I have read all the posts on this subject and I need help clarifying some very important concerns:

1) How best to deal with the large slideout on the driver's side of the coach?

This is the side where the floor drops-down to a "zero edge" and then needs to ride-up... and clear the vinyl so it does not scratch.

Q: Can this be done without replacing the "plastic shoe" with a "carpet shoe?" ...And I'm still unclear on how to do this? Do I need to pull the slide out 10" to gain access do the underside of the floor? (Please send pictures.)

2) What will I run into with regards to the floor being the right height?

Q: Should I plan to add a 1/4" of under-layment or are we talking about adding a floor leveling material -- like they use when installing tile? (The latter I don' like as this stuff will break down under vibration.)

3) What problems will I run into when dealing with the engine hood in the bedroom?

Q: Do most people just leave the old carpet in this area? Or maybe it's easy to re-carpet?

4) The front step side walls, and over by the driver's foot pedals, look like the sidewalls bend. Is this a problem if you want to pull the carpet off and install vinyl planks in its place?

5) What tips can you offer me in general?

6) Or... If you paid someone in the USA to do your RV, would share what you paid and if you would recommend this outfit? My concern is these guys do their best, but do not really take the above issues into consideration. (Especially, replacing he carpet shoe.)

I'm also thinking $4,500 for a full front to back job would be a good/fair price, but this may not be enough if you want the best quality job. On the other hand, anything higher and then I'm motivated to doing the job myself.

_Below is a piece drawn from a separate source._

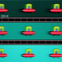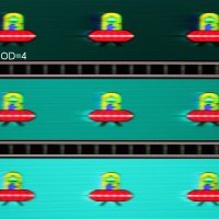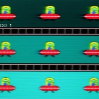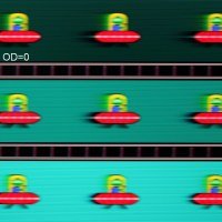 Попробуем представить, что было бы в случае матрицы с мгновенным переключением пикселей. Для нее при 60 Гц объект со скоростью движения 960 пиксель/с размывается на 16 пикселей, при 120 Гц — на 8 пикселя, при 144 Гц — на 6,6(6) пикселя (различия в скорости движения с описанным выше тестом непринципиальные). Размывается, так как фокус зрения движется с указанной скоростью, а объект неподвижно выводится на 1/60, 1/120 или на 1/144 секунды. Для иллюстрации этого сымитируем размытие на 16, 8 и 6,6(6) пикселя:
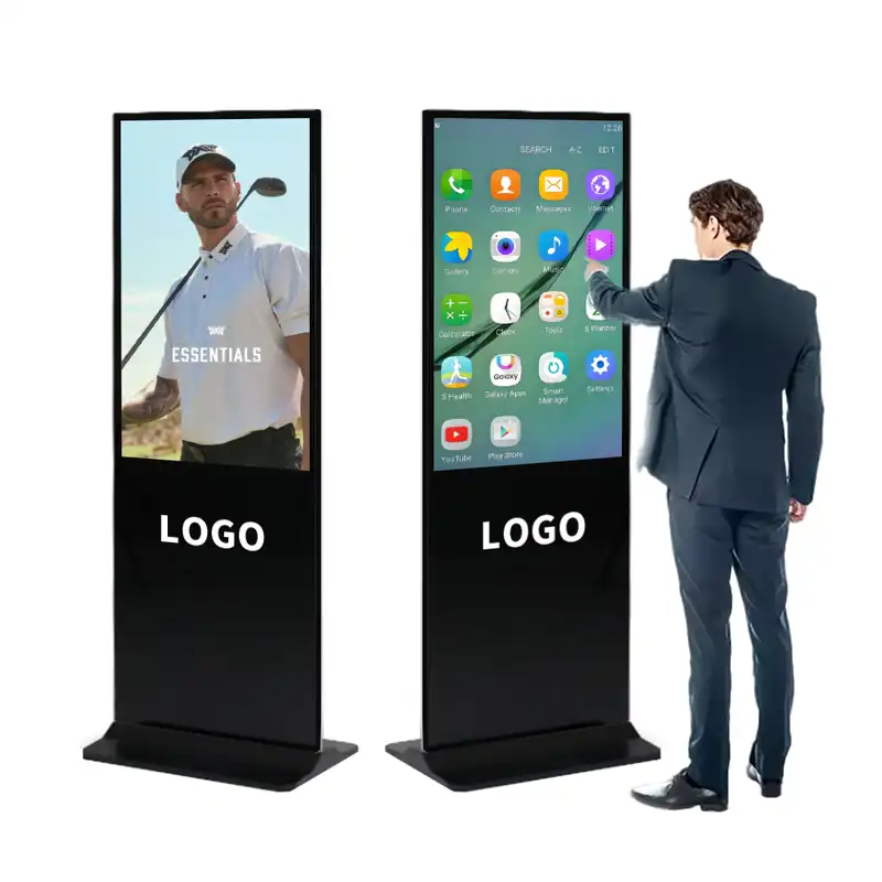 Écran tactile portable Full HD de 43, 50 et 55 pouces, support de sol, écran LCD, signalisation numérique pour le marketing, centre commercial, machine publicitaire

*** Here's a sweet new "FLOOR VISUALIZER PROGRAM" that will let you up load your coach interior picture and then you can select your choice of vinyl floor... to see what it looks like on your computer screen. Check it out. This is awesome! And you should keep this website link for your home flooring projects too!

https://www.lumberliquidators.com/ll...oor_Visualizer

Here are examples of my interior with light cabinets so you can see what floor choices look good and which one's do not.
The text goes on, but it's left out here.